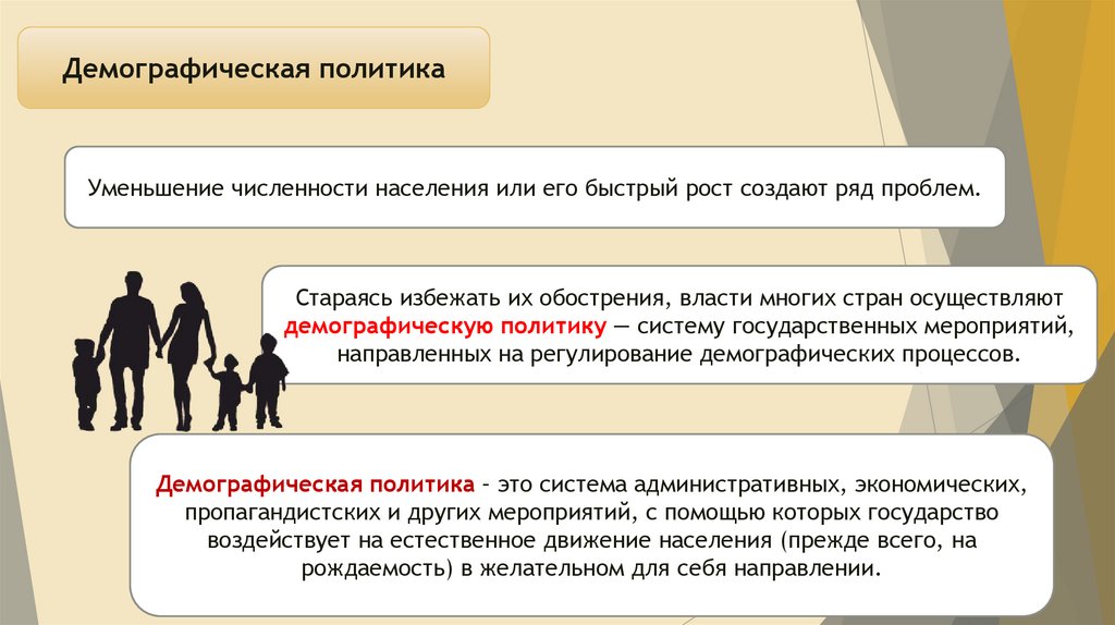 Демографическая политикаУменьшение численности населения или его быстрый рост создают ряд проблем.
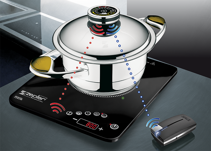 The Zepter Radio Induction Cooker features a new technology, which allows it to communicate with the Zepter Radio Digital Thermocontrol and Zepter Buzzer, and to keep the cooking process under control. At the touch of a button, the Zepter Radio Induction Cooker instantly adjusts and maintains the cooking temperature and automatically stops the cooking process when needed, in accordance with the parameters set on Zepter Radio Digital Thermocontrol.
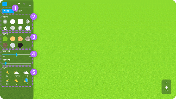 지형 높이 조절, 채색, 배경 선택 등 지형을 편집할 수 있습니다.

━━━━

▶ _Prompt_: Could all the data above be given again exactly, leaving out its images?

▶ _Result of this exercise_:
 Демографическая политикаУменьшение численности населения или его быстрый рост создают ряд проблем.
 The Zepter Radio Induction Cooker features a new technology, which allows it to communicate with the Zepter Radio Digital Thermocontrol and Zepter Buzzer, and to keep the cooking process under control. At the touch of a button, the Zepter Radio Induction Cooker instantly adjusts and maintains the cooking temperature and automatically stops the cooking process when needed, in accordance with the parameters set on Zepter Radio Digital Thermocontrol.
 지형 높이 조절, 채색, 배경 선택 등 지형을 편집할 수 있습니다.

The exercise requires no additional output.